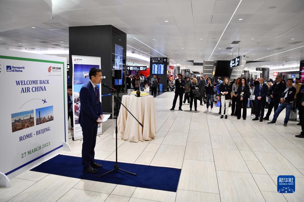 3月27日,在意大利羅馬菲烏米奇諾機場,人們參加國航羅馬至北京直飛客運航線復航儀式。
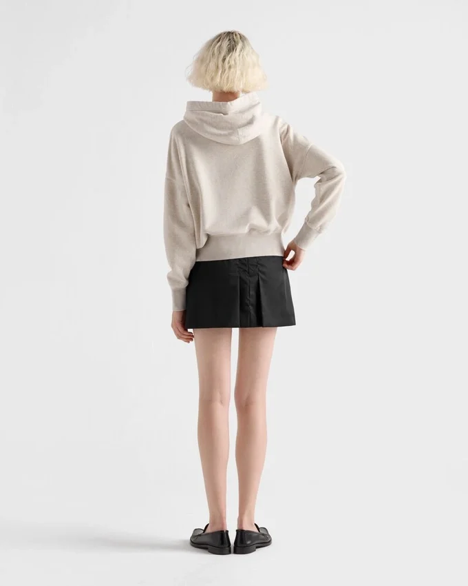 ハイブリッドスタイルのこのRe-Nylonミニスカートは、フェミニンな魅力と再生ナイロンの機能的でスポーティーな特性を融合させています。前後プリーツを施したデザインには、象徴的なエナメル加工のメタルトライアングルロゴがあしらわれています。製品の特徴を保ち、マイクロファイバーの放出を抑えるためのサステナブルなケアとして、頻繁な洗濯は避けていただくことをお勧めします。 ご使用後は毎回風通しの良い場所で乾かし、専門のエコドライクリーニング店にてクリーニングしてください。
------------------------------
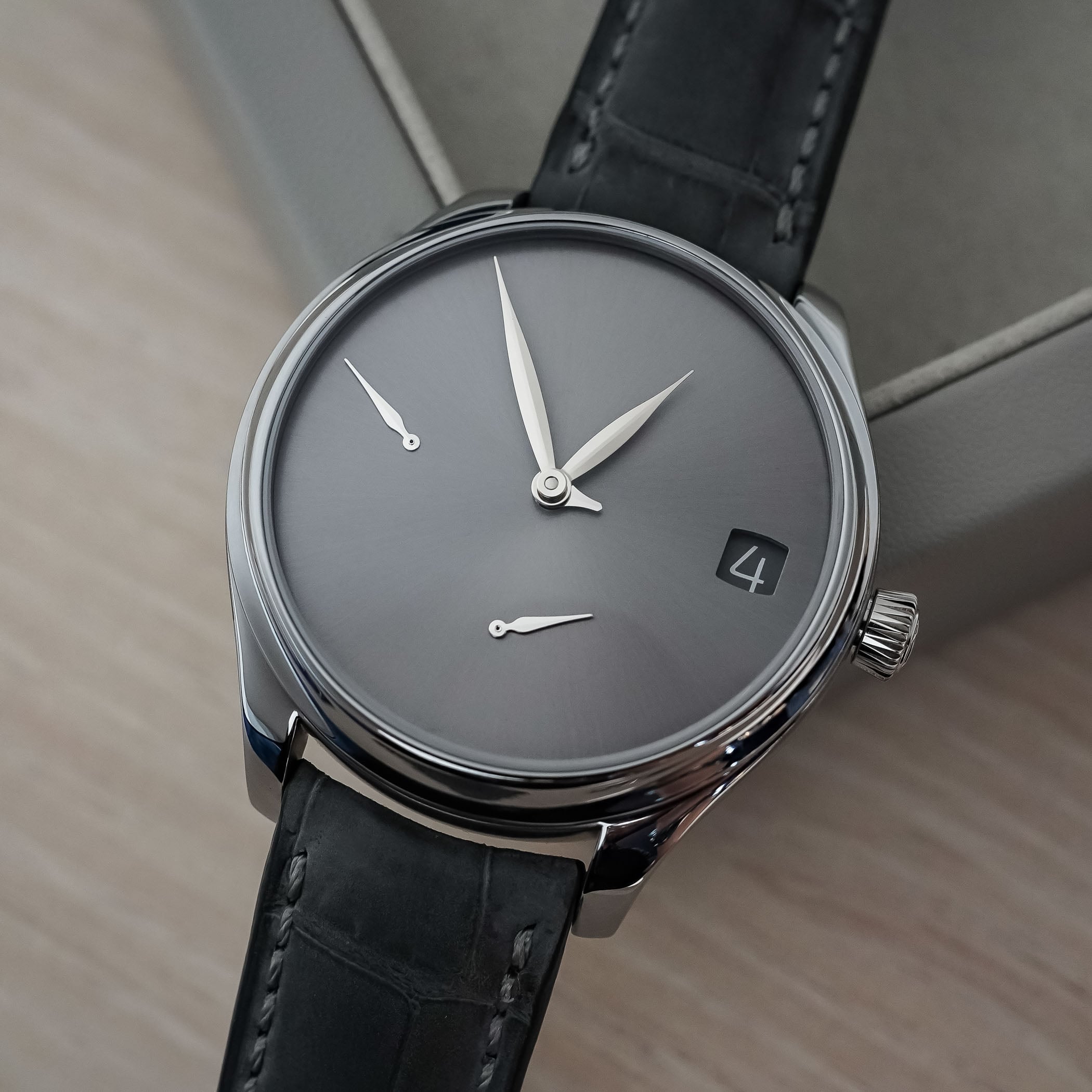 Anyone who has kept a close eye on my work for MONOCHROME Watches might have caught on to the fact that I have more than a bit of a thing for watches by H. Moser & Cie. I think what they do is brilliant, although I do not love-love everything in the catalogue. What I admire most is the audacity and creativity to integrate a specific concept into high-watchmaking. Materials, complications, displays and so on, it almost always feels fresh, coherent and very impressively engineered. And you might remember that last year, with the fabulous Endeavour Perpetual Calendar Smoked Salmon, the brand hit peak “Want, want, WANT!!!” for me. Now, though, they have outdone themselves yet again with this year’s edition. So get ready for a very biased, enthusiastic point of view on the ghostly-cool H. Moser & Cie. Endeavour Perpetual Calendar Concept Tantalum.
------------------------------
Your goal:
Pictures excluded, transcribe the listing above exactly from the line with "3月27日,在意大利羅馬菲烏" through the line with "ハイブリッドスタイルのこのR", and no further.

Written reply:
 3月27日,在意大利羅馬菲烏米奇諾機場,人們參加國航羅馬至北京直飛客運航線復航儀式。
 ハイブリッドスタイルのこのRe-Nylonミニスカートは、フェミニンな魅力と再生ナイロンの機能的でスポーティーな特性を融合させています。前後プリーツを施したデザインには、象徴的なエナメル加工のメタルトライアングルロゴがあしらわれています。製品の特徴を保ち、マイクロファイバーの放出を抑えるためのサステナブルなケアとして、頻繁な洗濯は避けていただくことをお勧めします。 ご使用後は毎回風通しの良い場所で乾かし、専門のエコドライクリーニング店にてクリーニングしてください。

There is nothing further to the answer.